By Neils Christensen
April 22, 2024

The gold market is seeing solid selling pressure afte failing to hold its ground at $2,400 an ounce. Although the market has room to fall lower during the summer, one market analyst says that the precious metal remains in a solid position to rally by year-end.

In an interview with K-News, Chantell Schieven, Head of Research at Capitalight Research, said that not only is gold technically overbought, but it has also started its historical seasonal weak period. In this environment, Schieven noted that she sees gold prices potentially falling back to $2,150 an ounce, representing the March breakout level.

Although Schieven is looking for a correction in gold in the next few months, she remains a long-term bull. She said she is raising her year-end price target to $2,500 an ounce, up from $2,400 an ounce.

The comments come as June gold futures start the week with a more than 2% loss, last trading at $2,349.10 an ounce.

At the start of the year, Schieven was the most bullish analyst who participated in the London Bullion Market Association’s annual price forecast.

“It’s been kind of surprising to see gold take out all these levels, and while I do think it goes higher, I do think we need to see a bit of a pullback,” she said. “I don’t think gold goes all the way back to $2,000 or below, but we could see $2,100 before the end of the summer.”

Schieven said that the most significant reason she has turned near-term cautious on gold is due to shifting interest rate expectations that are supporting higher bond yields and a stronger U.S. dollar. Markets are now pushing back the start of the Federal Reserve’s easing cycle until after the summer.

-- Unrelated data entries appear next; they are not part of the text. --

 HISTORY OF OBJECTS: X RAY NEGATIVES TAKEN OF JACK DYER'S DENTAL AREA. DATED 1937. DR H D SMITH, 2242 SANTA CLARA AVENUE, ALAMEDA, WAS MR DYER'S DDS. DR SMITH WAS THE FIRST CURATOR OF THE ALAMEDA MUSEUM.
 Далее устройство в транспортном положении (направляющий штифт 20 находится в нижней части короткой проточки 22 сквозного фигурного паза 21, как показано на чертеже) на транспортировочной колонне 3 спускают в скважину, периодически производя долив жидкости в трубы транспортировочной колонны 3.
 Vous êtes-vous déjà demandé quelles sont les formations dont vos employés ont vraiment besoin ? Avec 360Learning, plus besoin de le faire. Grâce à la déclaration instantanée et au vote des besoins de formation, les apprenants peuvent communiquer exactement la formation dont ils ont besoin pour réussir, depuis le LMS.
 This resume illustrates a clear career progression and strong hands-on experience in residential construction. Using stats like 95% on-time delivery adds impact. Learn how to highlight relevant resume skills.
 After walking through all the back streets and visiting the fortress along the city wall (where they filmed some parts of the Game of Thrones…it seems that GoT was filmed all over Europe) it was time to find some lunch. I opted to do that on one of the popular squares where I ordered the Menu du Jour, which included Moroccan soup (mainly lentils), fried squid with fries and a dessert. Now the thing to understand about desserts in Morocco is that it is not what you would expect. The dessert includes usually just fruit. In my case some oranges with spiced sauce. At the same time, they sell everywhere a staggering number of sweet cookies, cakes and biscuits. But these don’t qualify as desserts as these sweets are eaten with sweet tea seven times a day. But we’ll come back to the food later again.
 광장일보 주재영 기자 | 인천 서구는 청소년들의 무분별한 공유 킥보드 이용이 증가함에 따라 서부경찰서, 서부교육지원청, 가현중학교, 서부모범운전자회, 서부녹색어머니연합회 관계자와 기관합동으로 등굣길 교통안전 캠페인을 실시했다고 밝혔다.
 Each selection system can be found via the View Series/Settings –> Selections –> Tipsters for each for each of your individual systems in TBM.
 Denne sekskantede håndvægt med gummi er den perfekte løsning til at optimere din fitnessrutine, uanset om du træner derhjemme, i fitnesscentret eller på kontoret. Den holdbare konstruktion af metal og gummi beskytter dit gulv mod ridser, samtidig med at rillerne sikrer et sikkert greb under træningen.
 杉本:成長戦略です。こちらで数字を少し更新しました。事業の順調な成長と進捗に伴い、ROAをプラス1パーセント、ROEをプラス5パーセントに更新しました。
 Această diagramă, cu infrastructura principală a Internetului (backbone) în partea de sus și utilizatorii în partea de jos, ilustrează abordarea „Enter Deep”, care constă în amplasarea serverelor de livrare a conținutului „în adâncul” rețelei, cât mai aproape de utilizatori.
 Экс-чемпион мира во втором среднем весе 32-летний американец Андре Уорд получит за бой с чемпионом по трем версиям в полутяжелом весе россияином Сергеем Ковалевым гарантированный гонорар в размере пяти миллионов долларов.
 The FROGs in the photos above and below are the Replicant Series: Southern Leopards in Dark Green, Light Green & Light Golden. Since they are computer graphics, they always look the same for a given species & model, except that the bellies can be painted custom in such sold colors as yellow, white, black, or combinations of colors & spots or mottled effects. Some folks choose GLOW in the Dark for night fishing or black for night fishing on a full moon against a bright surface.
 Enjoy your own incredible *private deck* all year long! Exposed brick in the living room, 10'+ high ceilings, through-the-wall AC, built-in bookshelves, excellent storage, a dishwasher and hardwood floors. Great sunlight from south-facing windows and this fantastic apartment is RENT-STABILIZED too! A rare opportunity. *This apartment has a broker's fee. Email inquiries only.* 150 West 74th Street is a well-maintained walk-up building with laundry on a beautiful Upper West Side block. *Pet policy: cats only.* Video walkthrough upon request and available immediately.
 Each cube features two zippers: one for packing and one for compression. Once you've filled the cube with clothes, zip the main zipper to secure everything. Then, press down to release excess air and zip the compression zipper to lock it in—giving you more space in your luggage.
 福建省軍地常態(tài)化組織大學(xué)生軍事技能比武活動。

According to the CME FedWatch Tool, markets see less than 20% chance of a rate cut in June. At the same time, the chance of a rate cut in July has dropped below 50%.

“Gold has broken a bit away from its fundamental drivers, and I think we are starting to see these drivers come back into focus, which can be negative for gold,” she said.

However, Schieven added that the gold market has become significantly more nuanced than just following bond yields and the U.S. dollar. Although the Federal Reserve is not expected to cut rates during the summer, it’s unlikely to raise interest rates.

“The Federal Reserve will eventually cut rates this year. I expect to see them cut rates after the 2024 election, and that is when we will see gold prices climb higher and push towards $2,500 an ounce. The summer lows could prove to be a good time to buy for long-term investors.”

At the same time, Schieven said that she expects inflation to play a more critical role in gold’s price action. She pointed out that with the Federal Reserve holding firm on its monetary policy, higher interest rates mean that real rates will rise, lowering gold’s opportunity costs as a non-yielding asset.

“Ultimately, the Fed, even with their hawkish comments, continue to leave themselves room to lower interest rates,” she said. “They will be lowering interest rates even as inflation remains stubbornly above the 2% target. The Federal Reserve can’t afford to maintain higher interest rates because of rising debt levels.”

Looking beyond U.S. monetary policy, Schieven said that she expects gold to remain an attractive safe-haven asset. Although the global economy has seen relatively better-than-expected growth so far this year, Schieven said she has not entirely dismissed the threat of a recession.

She added that rising U.S. debt will strangle economic growth as more money is thrown at just servicing its debt. In March, economists at Bank of America noted that U.S. national debt is rising by $1 trillion every 100 days. Schieven pointed out that this is a significant reason why central banks will continue to buy gold.

“Nobody wants our debt right now,” she said. “As the debt grows, it’s not surprising that central banks want fewer U.S. dollars and want to diversify their holdings.”

Finally, Schieven said that U.S. geopolitical instability as the 2024 election draws closer will also provide new support for gold.

“I don’t really know how to put this, but neither choice is that great. No matter who gets elected, deficits will still rise, and the U.S. dollar will still be devalued,” she said. “Those things are not good for the U.S., but they are certainly good for gold.”

Looking through higher volatility this year, Schieven said that gold remains in a long-term uptrend. She pointed out that during the 1970s, higher inflation, economic uncertainty, and geopolitical turmoil caused gold prices to double.

While that might be an unlikely scenario today, Schieven said that it is not out of the question.

“We do not think it is out of line to look for a $3300+ gold price over the next 5-6 years,” Schieven wrote in a recent report.